# Does Manhattan Club have Washer/Dryers?



## chriskre (Dec 26, 2012)

Just trying to pack and don't want to overpack if they have a washer/dryer.
Anybody know what the situation is with the laundry there?


----------



## IreneLF (Dec 26, 2012)

*Chris----------*

none in the building...

http://www.tugbbs.com/forums/showthread.php?t=43430&highlight=laundry+manhattan+club

check out this old thread..........


----------



## chriskre (Dec 26, 2012)

IreneLF said:


> none in the building...
> 
> http://www.tugbbs.com/forums/showthread.php?t=43430&highlight=laundry+manhattan+club
> 
> check out this old thread..........



Ugggh.  
I guess I'll bring Woolite.


----------



## Maz (Dec 30, 2012)

chriskre said:


> Ugggh.
> I guess I'll bring Woolite.


Or...... Just walk across the street.
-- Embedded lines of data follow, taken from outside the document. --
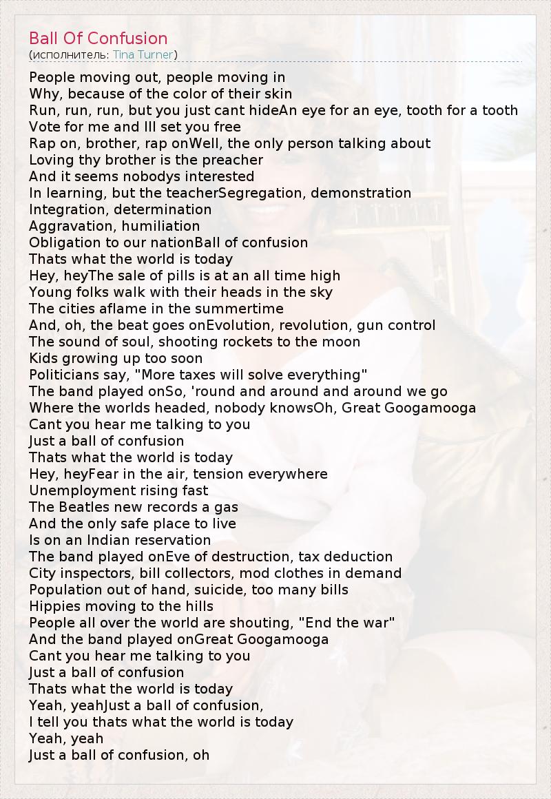 А как ты думаешь, о чем песня "Ball Of Confusion" ?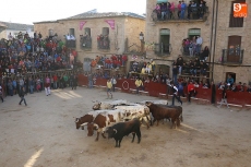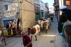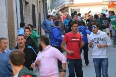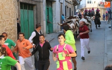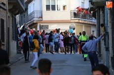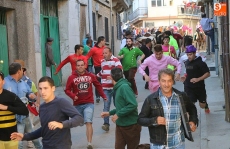 A parte de esta incidencia, el encierro con los tres novillos discurrió rápido y sin problemas, a excepción del susto que se llevaban en la plaza dos jóvenes, un hombre y una mujer, por aquello que dos cuerpos no pueden ocupar el mismo espacio cuando ambos intentaban colarse por entre los barrotes del cierre del coso aldeaviluco.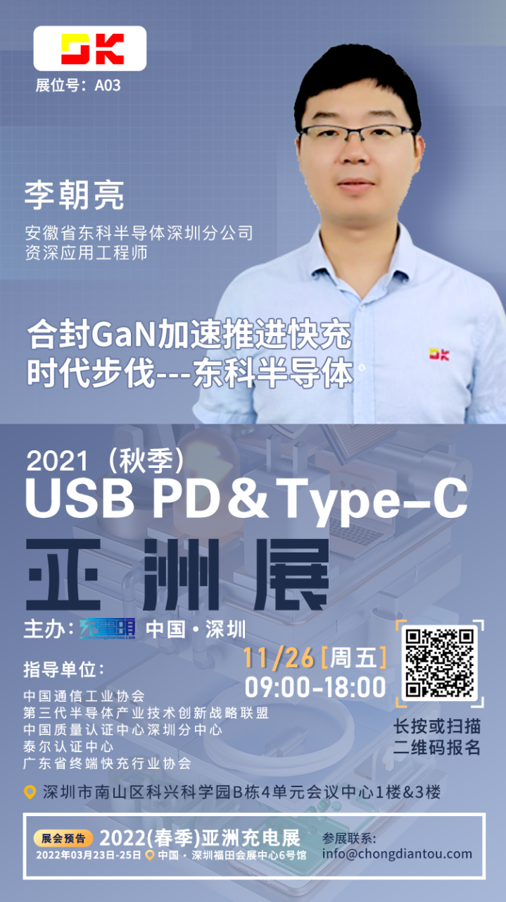 東科半導體資深應用工程師李朝亮先生將出席2021(秋季)USB PD&Type-C 亞洲大會并發表演講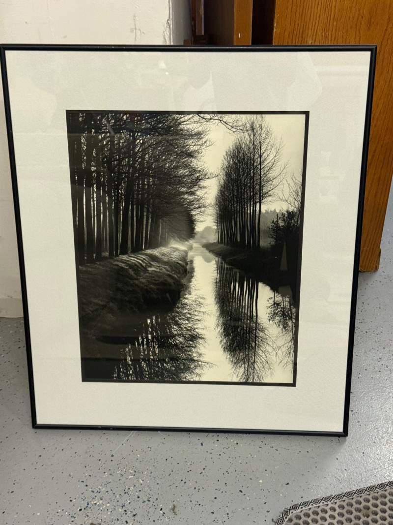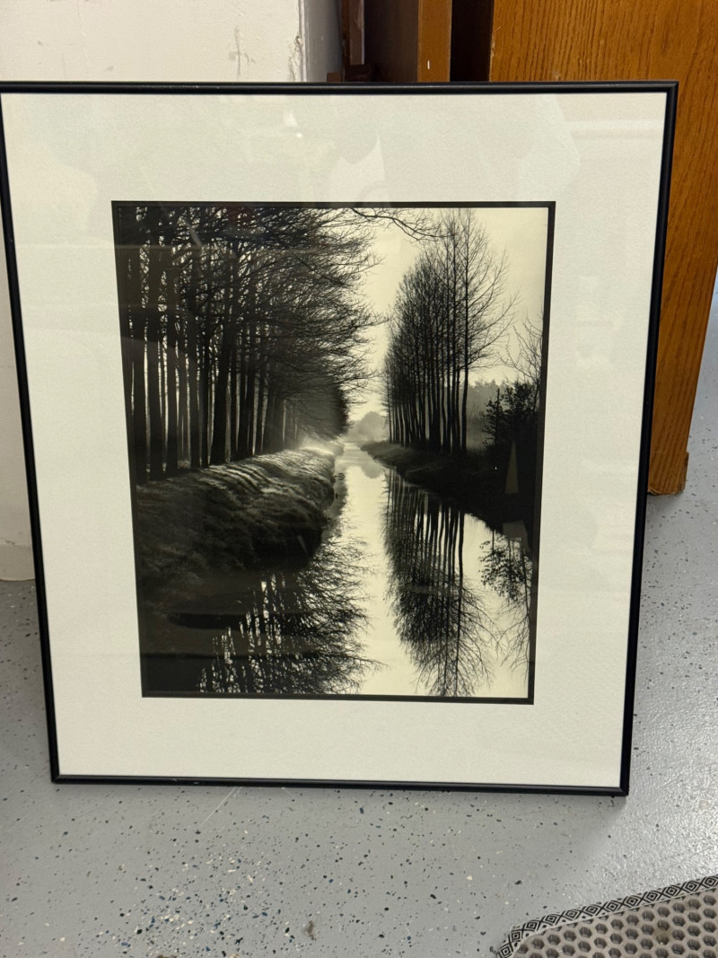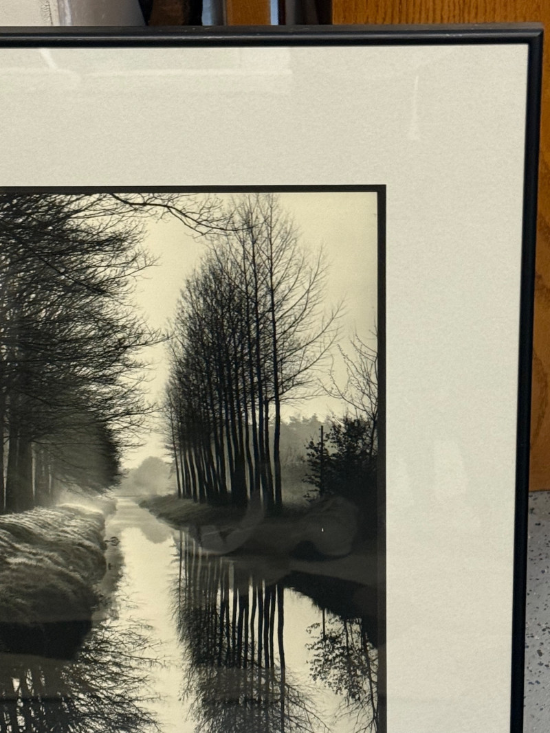 Description: Printed on high-quality photographic paper and professionally framed with a neutral mat and black gallery frame. A timeless addition for collectors of fine art photography or modernist design. Condition: Measurements: Retail Value:Brett Weston “Trees and Canal, Holland” — Framed Black and White Photograph

There are a couple of laundry places very close by.


----------



## chriskre (Jan 4, 2013)

Maz said:


> Or...... Just walk across the street. There are a couple of laundry places very close by.



Definitely not what I wanted to be doing on my vacation.  
I can't understand why this timeshare didn't dedicate a room to laundry.
Doesn't make sense to me unless it just isn't profitable.


----------



## GrayFal (Jan 4, 2013)

chriskre said:


> Definitely not what I wanted to be doing on my vacation.
> I can't understand why this timeshare didn't dedicate a room to laundry.
> Doesn't make sense to me unless it just isn't profitable.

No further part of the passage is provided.